92 – Grenz -überschreitung im Alltag

92Tor

Wie viel Zeit

bringe ich jeden Tag (her)um,

mit Gedanken darüber,

dass dies(e)

so schnell wie möglich

vergehen soll,

weil

die Personen, die mich umgeben

laut und wichtigtuerisch agieren –

besserwisserisch argumentieren –

unverbunden dasitzen –

nicht dazugehörig auffallen –

die Stimmung, die ich wünsche, stören.

weil

die sie füllende Aktivität

stressig fordert –

langweilt –

anstrengt –

bedeutungslos erscheint –

mühselig lastet –

nicht dem entspricht, was gerade von mir gewünscht ist.

Dies

obwohl meine Zeit

bemessen, knapp und wertvoll ist –

Zu üben bleibt

die kleine Grenzüberschreitung im Alltag

wie Lenka Reinerova sie beschreibt:

„Uns alle erwartet ein unausweichliches Ende.

Aber bis dahin können wir unser Leben mitgestalten.

Wir können Anteil nehmen an den Begebenheiten in der Welt. …

Kraft und Energie in dem Maße nützen,

das jedem von uns gegeben ist.

Für mich ist dieses Bewusstsein von solcher Bedeutung,

dass ich mich sogar bei der verrückten Erwägung ertappt habe:

Und was werde ich tun,

wenn ich gestorben bin?“

(Reinerova, L.)

28 Kommentare zu „92 – Grenz -überschreitung im Alltag

  1. Grenzen selbst zu überschreiten um kleine Zeichen zu setzen, um vielleicht durch das eigene tun die Welt ein ganz klein wenig zu verbessern.
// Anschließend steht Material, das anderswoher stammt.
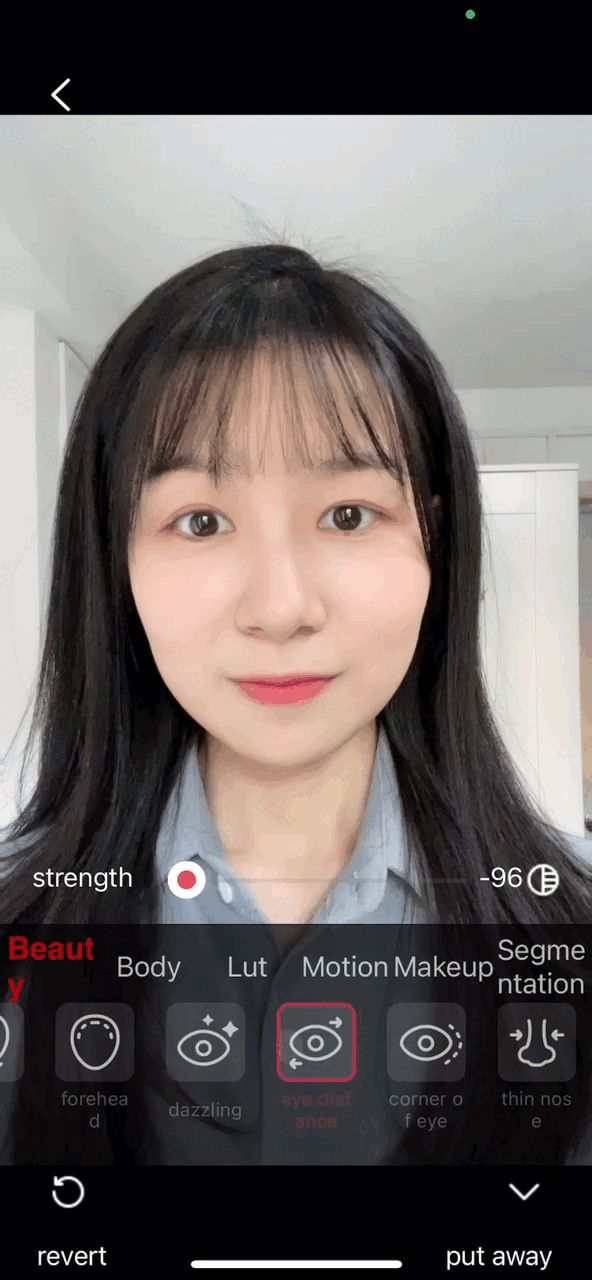 이 모듈은 스마트 뷰티 기능을 제공합니다. 피부 보정, 갸름한 얼굴, 눈 확대, 샤프닝, 미백, 작은 얼굴, 좁은 얼굴, 광대 축소, 코 축소, 입술 모양, 이마, 립스틱, 블러셔, 컨투어링, 치아 미백, 다크 서클 제거, 팔자 주름 제거, 피부톤 조절, 채도 조절, 대비 조절, 주름 제거, 눈꼬리 보정, 얼굴 축소, 눈매 보정, 콧날 보정, 코 위치 조절, 눈밑 처짐 제거, 입술 두께 조절, 미간 조절, 턱 모양 보정 등 약 30가지의 얼굴 특징 보정을 지원합니다.
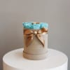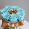 Vivid aqua preserved roses designed to last 3 or more years form a stunning base for a single metallic gold rose centerpiece. Housed in a champagne velvet hatbox with gold ribbon, this natural long-lasting piece shines with bold sophistication.

Ein hehres Ziel angesichts der Tatsache, dass die Grenzüberschreitungen der anderen einen dazu nötigen, entweder gegen Windmühlen zu kämpfen oder die eignen Grenzen enger zu ziehen. Bis zur maximalen Einengung. Bis nur die eigne Haut Grenze ist. Und selbst die wird immer dünner und verletzlicher. Aber vielleicht wird kurz vor der endgültigen Auflösung ein schwaches ausatmen zur Grenzüberschreitung des Lebens und setzt ein Zeichen an die anderen, die Welt ein ganz klein wenig verbessern zu wollen.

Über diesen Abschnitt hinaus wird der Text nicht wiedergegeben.